Last week, The Bandera County Commissioners’ Court unanimously approved adopting a penalty defining a barking dog as a public nuisance.
The penalty is a modification to the Rabies and Animal Control Order and was presented as a proposal to the court by County Attorney Janna Lindig.
“This is something that got started as of December 2021,” Lindig told the court. “I kept having people ask me about it and I finally had time to set it aside to do the Barking Dog modification. It just has to do with the public’s request.”
Under the order passed in 2009, a dog causing a disturbance by excessive noise-making near the private residence or disturbing the peace or quiet or any neighborhood is considered a public nuisance.
Lindig noted no sections of that order list a penalty for violation.
Under the modified order, the code considers certain factors before a dog owner is deemed to be committing a public nuisance when their dog causes a disturbance and is in violation of the order.

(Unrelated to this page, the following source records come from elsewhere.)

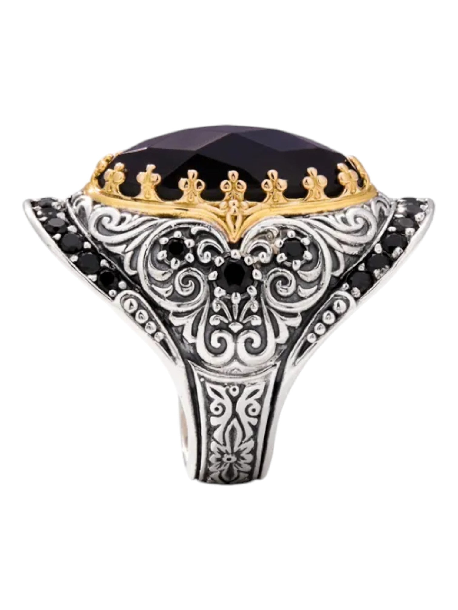 Konstantino Sibylla Sterling Silver 18k Gold Black Spinel & Onyx Ring - DMK2012-314-CUT S7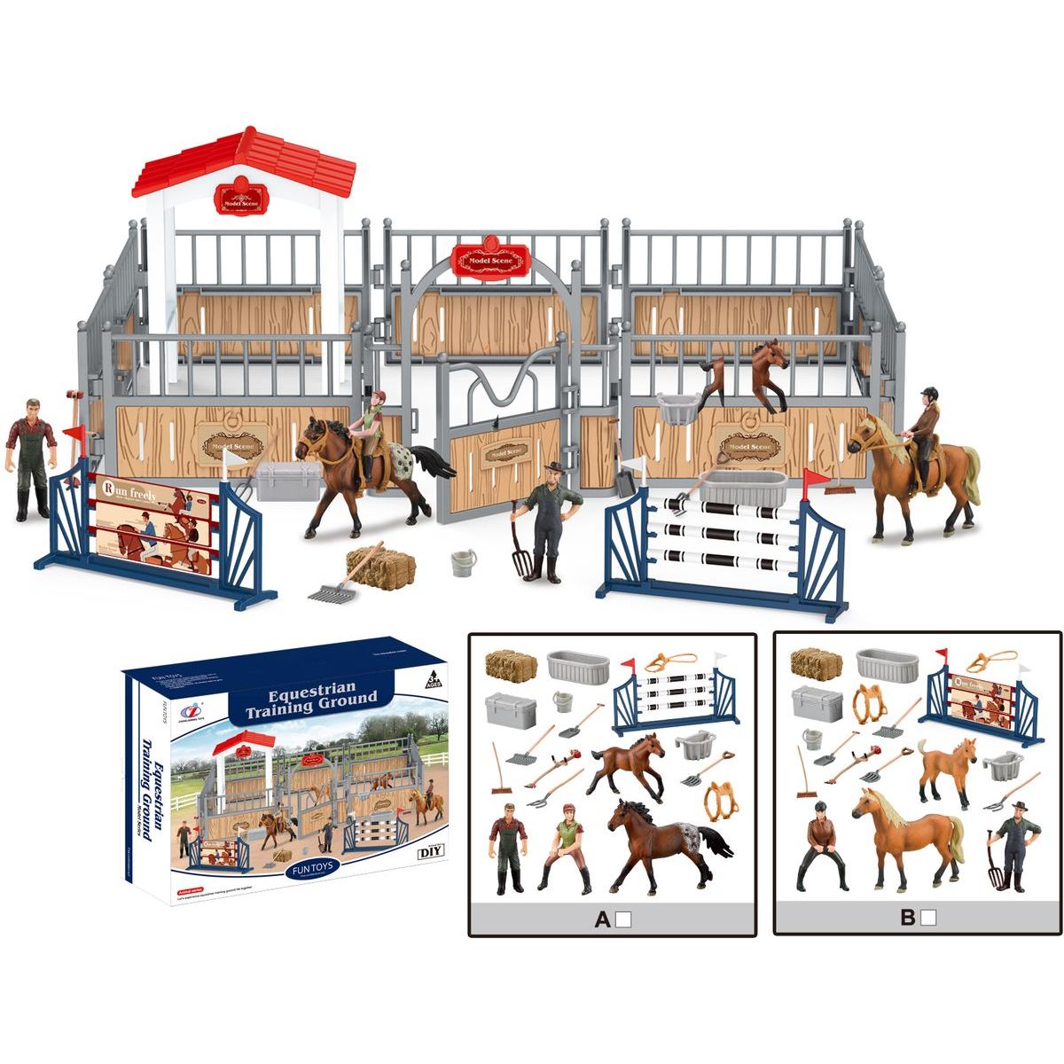Zahrajte si na farmu s jezdeckou dráhou Sparkys Zvířátka z farmy! Sada obsahuje krásné figurky koní a hříbat spolu s krmením, které dětem umožní zažít spoustu legrace a naučit se starat o zvířátka. Skvělá hračka pro děti od 3 let, která rozvíjí fantazii a nabízí hodiny hravého dobrodružství.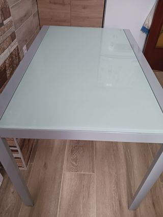 Mesa de cocina con superficie de cristal y estructura metálica. A estrenar. A recoger en Blanes, si se envía portes al cliente. - Diseño moderno y elegante. - Acabado transparente y gris.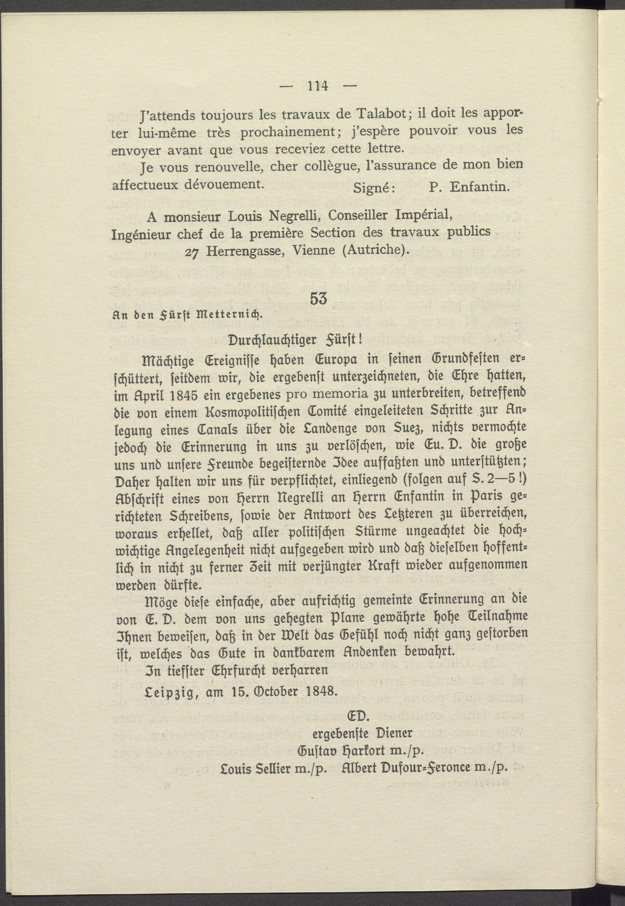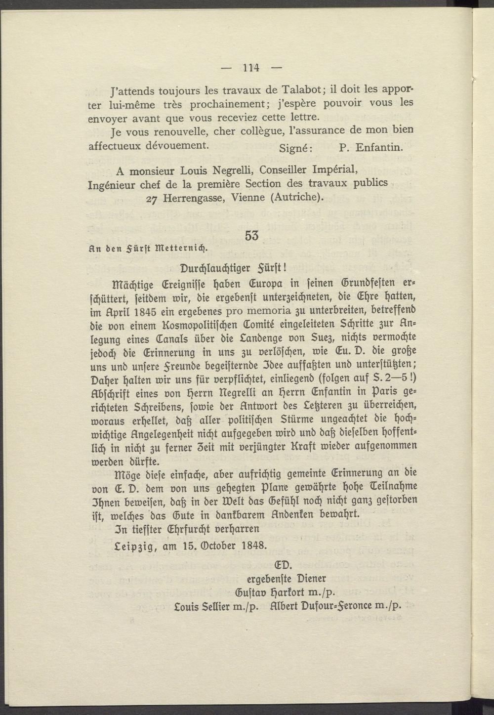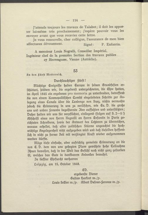Mächtige Ereignisse haben Europa in seinen Grundfesten erschüttert, seitdem wir, die ergebenst unterzeichneten, die Ehre hatten, im April 1845 ein ergebenes pro memoria zu unterbreiten, betreffend die von einem Kosmopolitischen Comité eingeleiteten Schritte zur An= legung eines Canals über die Landenge von Suez, nichts vermochte jedoch die Erinnerung in uns zu verlöschen, wie Eu. D. die große uns und unsere Freunde begeisternde Idee auffaßten und unterstützten; Daher halten wir uns für verpflichtet, einliegend( folgen auf S. 2-5!) Abschrift eines von Herrn Negrelli an Herrn Enfantin in Paris ge= richteten Schreibens, sowie der Antwort des Lehteren zu überreichen, woraus erhellet, daß aller politischen Stürme ungeachtet die hoch= wichtige Angelegenheit nicht aufgegeben wird und daß dieselben hoffent= lich in nicht zu ferner 3eit mit verjüngter Kraft wieder aufgenommen werden dürfte.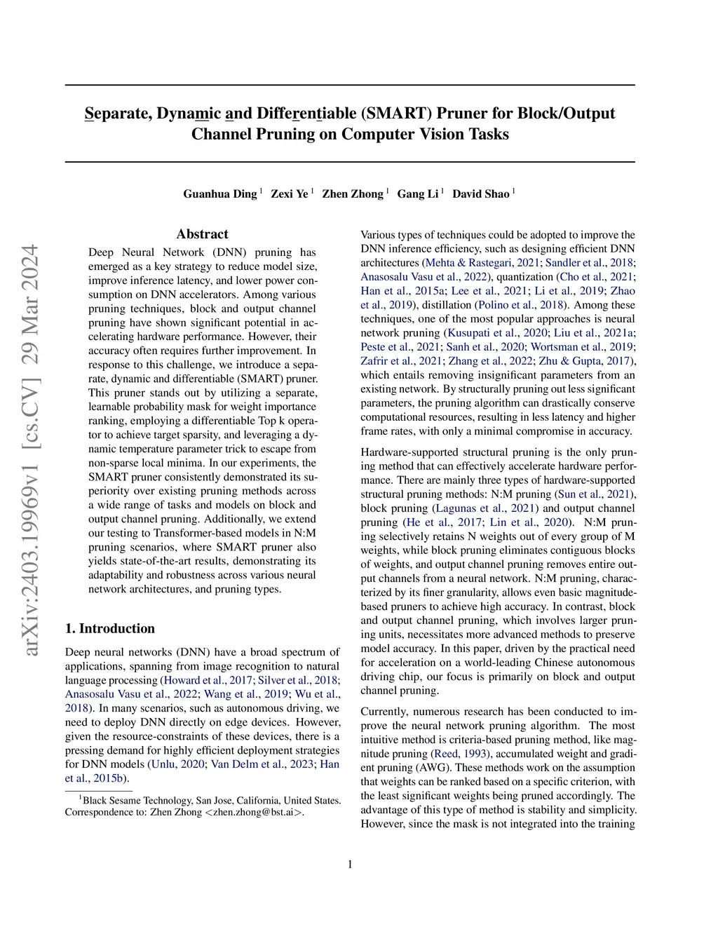 Separate, Dynamic and Differentiable (SMART) Pruner for Block/Output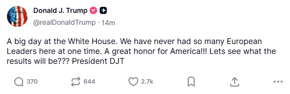 Trump, “Ukrayna Cumhurbaşkanı Volodimir Zelenskiy, Fransa Cumhurbaşkanı Emmanuel Macron, Finlandiya Cumhurbaşkanı Alexander Stubb, İtalya Başbakanı Giorgia Meloni, Birleşik Krallık Başbakanı Keir Starmer, Almanya Federal Cumhuriyeti Şansölyesi Friedrich Merz, Avrupa Komisyonu Başkanı Ursula von der Leyen ve NATO Genel Sekreteri Mark Rutte ile Beyaz Saray’da çok verimli bir toplantı gerçekleştirdim” ifadelerini kullandı.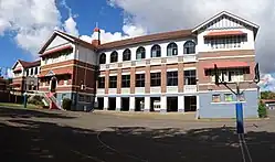 Toowoomba East SS, opened on 17 January 1887, was established on a 2.5 acre (1ha) reserve for a National School at the corner of Mary Street and Margaret Street, which had been gazetted in 1872.[9][10][11][12] Although there was local pressure for a school in East Toowoomba from 1876, when fund raising by the community began, the population was not large enough to justify a state school. As a result of later population growth, the Queensland Government approved a school in East Toowoomba in October 1885. By this time the community had collected £200 of the £290 required as its one-fifth share of the £1433 construction cost, and the school was also initially referred to as Queen's Park State School. The school consisted of a timber building set on brick piers, with two classrooms, close to the corner of Mary Street and Arthur Street. It was designed to accommodate 250 students, and had admitted 235 students by February 1887.[13][14][15][16][17][18][1]

Those factors are: the time of day; proximity of noise production to other premises; and whether the sound is recurrent, intermittent or constant.

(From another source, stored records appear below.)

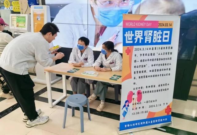 下午在门诊楼一层,“世界肾脏病日”的宣传标语鲜艳醒目,肾脏内科开展了线下义诊咨询活动,内容包括:各种原发、继发肾小球、肾小管间质病及急慢性肾功能不全。活动吸引了众多患儿家长,医生们围绕着儿童遗尿、泌尿系感染、肾积水、肾病综合征等问题耐心进行了解答,给出了诊断治疗方面的建设性意见,家长们表示获益很大。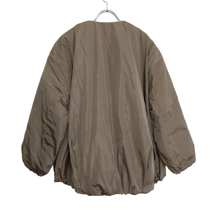 NEW 551309 ノーカラーバルーンシルエットのブルゾン サイズ Free カラー 38カーキ 99ブラック 在庫有り ¥23,980 ¥23,980 ¥23,980(税込) SOLD OUT この商品に関するお問い合わせ 数量 この商品に関するお問い合わせ カラー38カーキ、99ブラック 素材ポリエステル100% サイズ 寸法身幅65cm、総丈 前61cm、後66cm 商品説明 551309 ノーカラーバルーンシルエットのブルゾンは、mao made【マオメイド】のハリとツヤのあるポリエステルのヴィンテージグログランを表面に使用し、裏地に中綿のキルティング加工を施したブルゾン。ゆったりとした身頃と大胆に落ちた肩のラインがリラックスした着心地。裾の内側にギャザーを入れてコロンとしたまるいシルエットに。さらに、後身頃の裾にはたっぷりとタックを入れ、より立体的なシルエットに仕上がっています。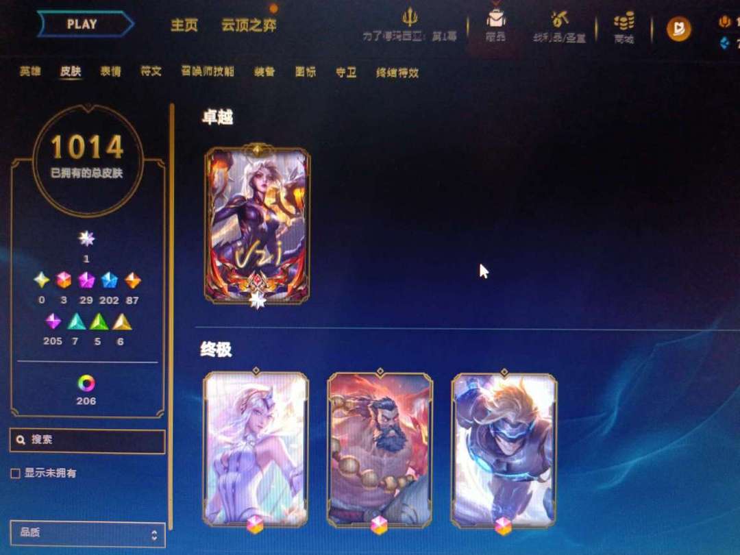 英雄联盟白金分段瑞文洛手男枪等皮肤较多可排位

Owners will be informed they have committed a public nuisance through a written notice or a citation from the Animal Control Authority and/or Deputy.
Not later than the tenth day after the date a notice described is given to the owner, such owner shall abate the nuisance or request a hearing in the applicable justice court contesting the notice.
A person who fails to abate the public nuisance commits a misdemeanor and shall be charged a fine not to exceed $100.00 a day for each day that the nuisance continues.
“Some people ain’t gonna like this,” said Commissioner Bobby Harris. “We don’t have an animal problem, we have a people problem. The taxpayer living next door is entitled to have some enforcement.”
The court voted all in favor to approve the modification.